You should post the pictures cletus:laughing:


----------



## 347sparky (May 14, 2012)

chicken steve said:


> sounds like the same gub'mit mentality in Vermont


 
Yeah, smells like trading votes for less farming regulation. Funny that's one of the first things he went after upon taking office. Actually campaigned to do away with electrical state licensing!


----------



## kbsparky (Sep 20, 2007)

If they want less farming regulation out there, why not let's get rid of the ethanol mandates that make our fuels less efficient? 

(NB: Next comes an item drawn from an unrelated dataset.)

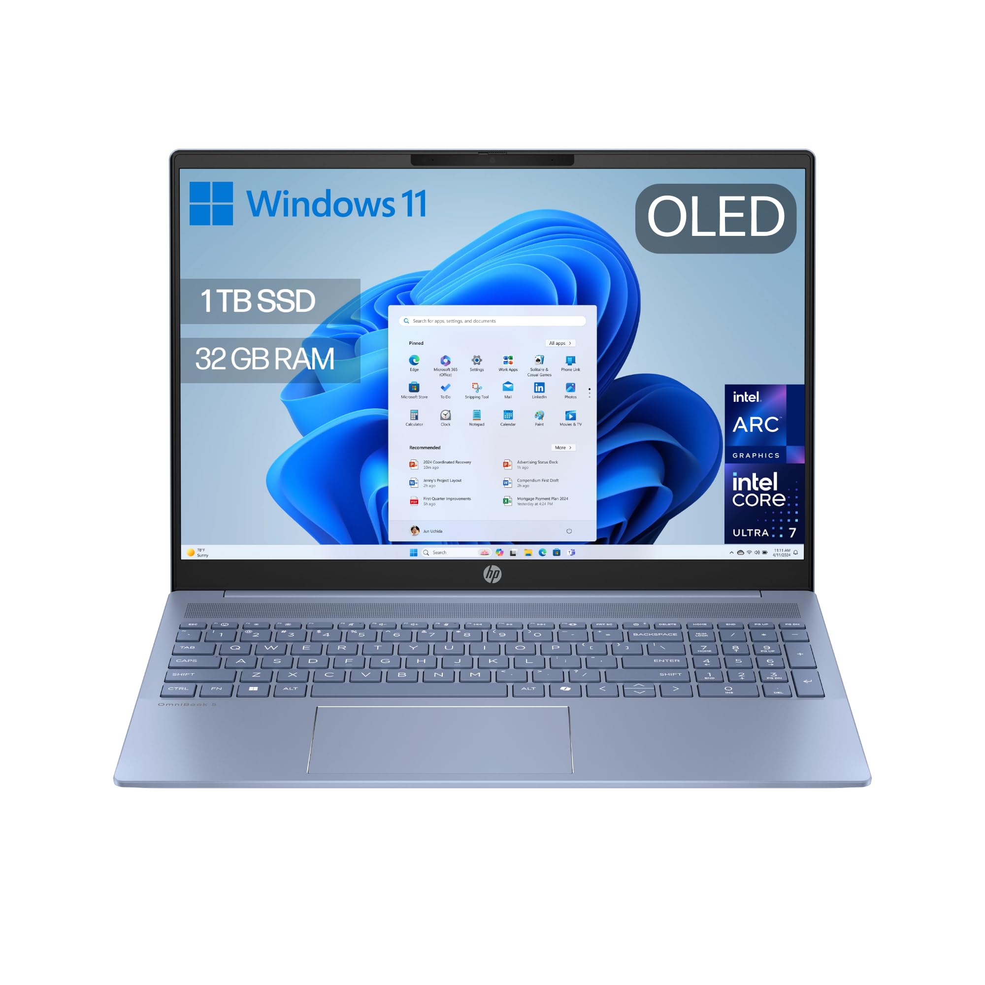 HP OmniBook 5 AI 16″ OLED 2K, Ordenador Portátil Intel Core Ultra 7-255U, 32GB RAM, 1TB SSD, Gráficos Intel, Windows 11 Home, Wi-Fi 6, Azul – Teclado QWERTY Español

What would they think of that???


----------



## erics37 (May 7, 2009)

kbsparky said:


> If they want less farming regulation out there, why not let's get rid of the ethanol mandates that make our fuels less efficient?
> 
> What would they think of that???


Concerning farm regulation, I'd like to know why tobacco crops have received more government subsidies than apple crops. And why fruits & vegetables are lumped into one category called "specialty crops" and lack any substantial subsidies to speak of.


----------



## erics37 (May 7, 2009)

kbsparky said:


> If they want less farming regulation out there, why not let's get rid of the ethanol mandates that make our fuels less efficient?
> 
> What would they think of that???


Better yet, why not get rid of the entire idea that growing a tropical plant in the Midwest is an efficient use of arable land.


----------



## LARMGUY (Aug 22, 2010)

Farmers-jack of all trades, master of none.


----------



## etb (Sep 8, 2010)

LARMGUY said:


> Farmers-jack of all trades, master of none.


Well, they are a master of ......... farming.

A GC I did a lot of work for always called things "farmer framing" or "farmer plumbing" etc. Certainly the stereotype has arisen because farmers must fix all manner of things in their line of work, and farmers don't have a lot of money, so put the two together.

One day he told me it finally donned on him that 'riggers' come from all occupational backgrounds. That is evidenced by posts here and on other pro forums. Although we attribute it harry homeowner, one must remember that harry has a job....welder, doctor, auto mechanic, etc.

Although every occupation has its dull crayons, you would be blown away by some of the ingenious things farmers come up with (not relating to electrical work).


----------



## union347sparky (Feb 29, 2012)

Everything being said sounds good to me. I have nothing constructive to add other than I have that exact same meter. It's pretty awesome.


----------